[Your assignment]:
Write exactly the lines running from the start of the material below to the line that includes "2. Более точно", and include no pictures.

[Data segment]:
::::::::

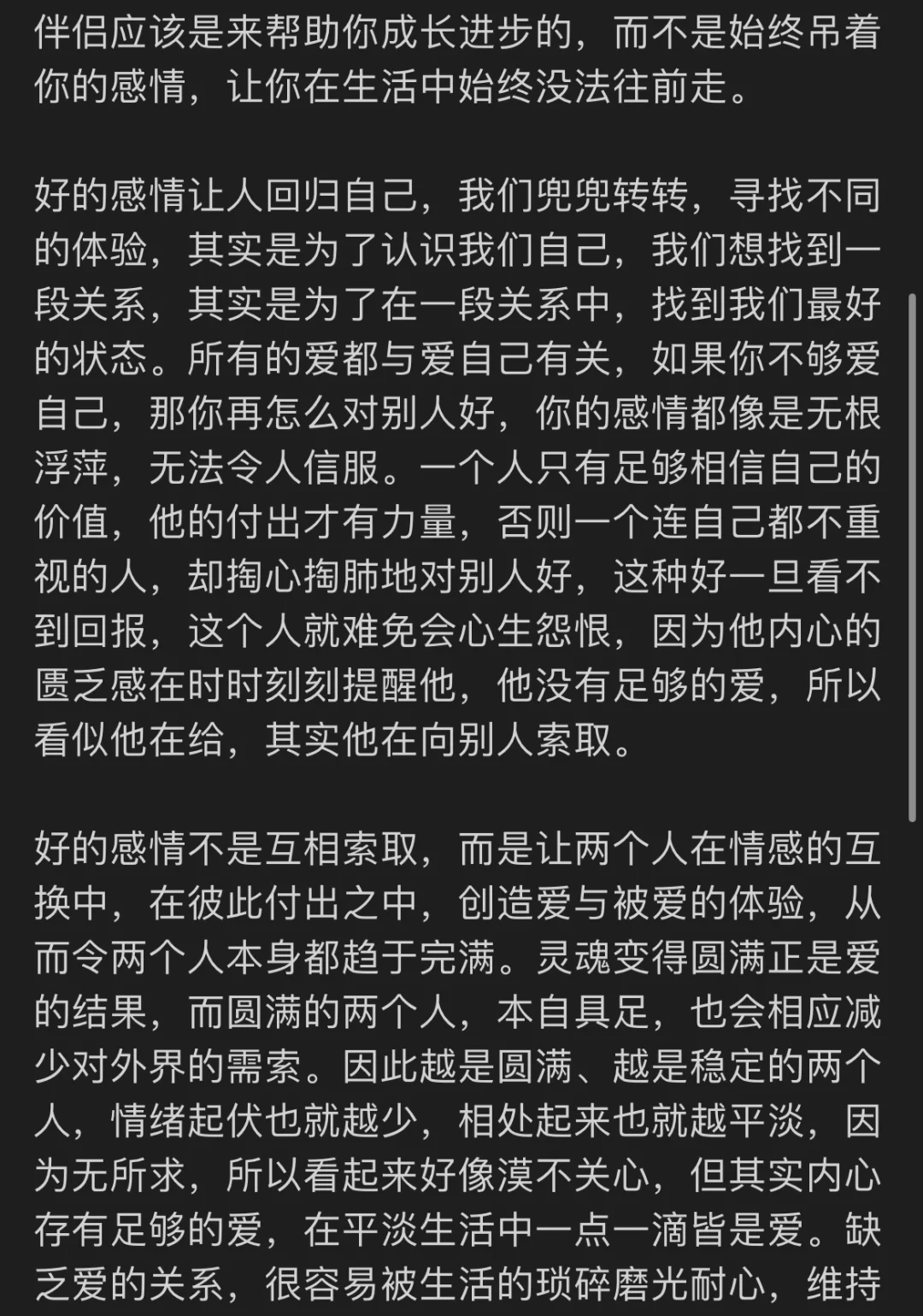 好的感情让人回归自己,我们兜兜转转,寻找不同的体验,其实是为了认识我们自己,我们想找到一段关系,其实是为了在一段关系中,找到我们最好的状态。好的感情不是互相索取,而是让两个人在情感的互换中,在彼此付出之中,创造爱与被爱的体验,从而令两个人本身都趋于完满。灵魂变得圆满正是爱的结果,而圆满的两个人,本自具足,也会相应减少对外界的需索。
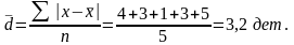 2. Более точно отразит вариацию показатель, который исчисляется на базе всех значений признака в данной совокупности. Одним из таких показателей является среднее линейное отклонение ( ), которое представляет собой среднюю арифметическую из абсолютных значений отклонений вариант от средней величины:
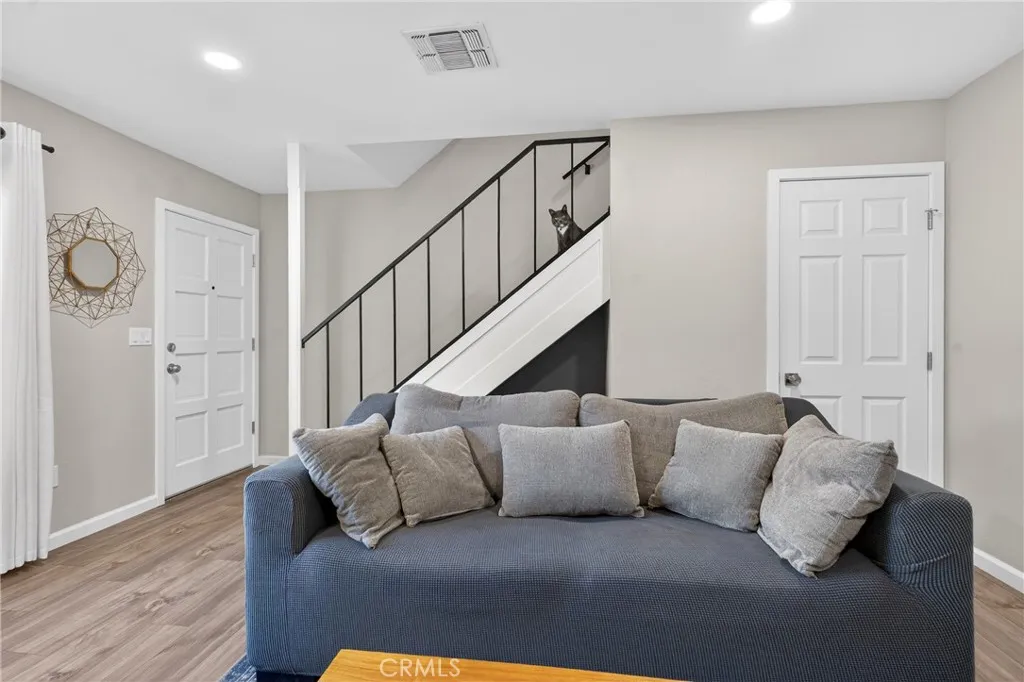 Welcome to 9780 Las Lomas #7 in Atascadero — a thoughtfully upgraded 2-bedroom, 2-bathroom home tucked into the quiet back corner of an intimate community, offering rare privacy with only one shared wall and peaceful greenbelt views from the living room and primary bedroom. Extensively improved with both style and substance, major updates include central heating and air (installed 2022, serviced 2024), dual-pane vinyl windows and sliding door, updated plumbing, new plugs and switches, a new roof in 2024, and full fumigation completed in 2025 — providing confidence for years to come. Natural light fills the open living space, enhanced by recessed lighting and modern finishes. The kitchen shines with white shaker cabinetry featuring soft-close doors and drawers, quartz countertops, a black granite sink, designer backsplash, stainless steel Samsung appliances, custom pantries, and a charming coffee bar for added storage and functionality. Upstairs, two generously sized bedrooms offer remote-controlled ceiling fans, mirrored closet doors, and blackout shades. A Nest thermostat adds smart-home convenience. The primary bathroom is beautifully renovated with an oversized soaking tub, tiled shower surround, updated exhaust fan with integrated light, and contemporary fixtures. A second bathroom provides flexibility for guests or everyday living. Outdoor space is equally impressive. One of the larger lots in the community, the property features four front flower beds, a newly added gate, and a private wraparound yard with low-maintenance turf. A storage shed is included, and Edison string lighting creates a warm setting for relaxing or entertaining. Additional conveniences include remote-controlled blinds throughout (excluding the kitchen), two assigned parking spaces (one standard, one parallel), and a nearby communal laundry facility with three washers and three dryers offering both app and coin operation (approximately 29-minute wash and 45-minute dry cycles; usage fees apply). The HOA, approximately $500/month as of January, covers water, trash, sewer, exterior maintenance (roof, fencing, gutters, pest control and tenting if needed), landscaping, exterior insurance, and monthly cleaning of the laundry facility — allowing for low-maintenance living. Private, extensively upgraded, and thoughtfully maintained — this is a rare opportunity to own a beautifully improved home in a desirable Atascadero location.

::::::::

[Solution to the exercise]:
 好的感情让人回归自己,我们兜兜转转,寻找不同的体验,其实是为了认识我们自己,我们想找到一段关系,其实是为了在一段关系中,找到我们最好的状态。好的感情不是互相索取,而是让两个人在情感的互换中,在彼此付出之中,创造爱与被爱的体验,从而令两个人本身都趋于完满。灵魂变得圆满正是爱的结果,而圆满的两个人,本自具足,也会相应减少对外界的需索。
 2. Более точно отразит вариацию показатель, который исчисляется на базе всех значений признака в данной совокупности. Одним из таких показателей является среднее линейное отклонение ( ), которое представляет собой среднюю арифметическую из абсолютных значений отклонений вариант от средней величины:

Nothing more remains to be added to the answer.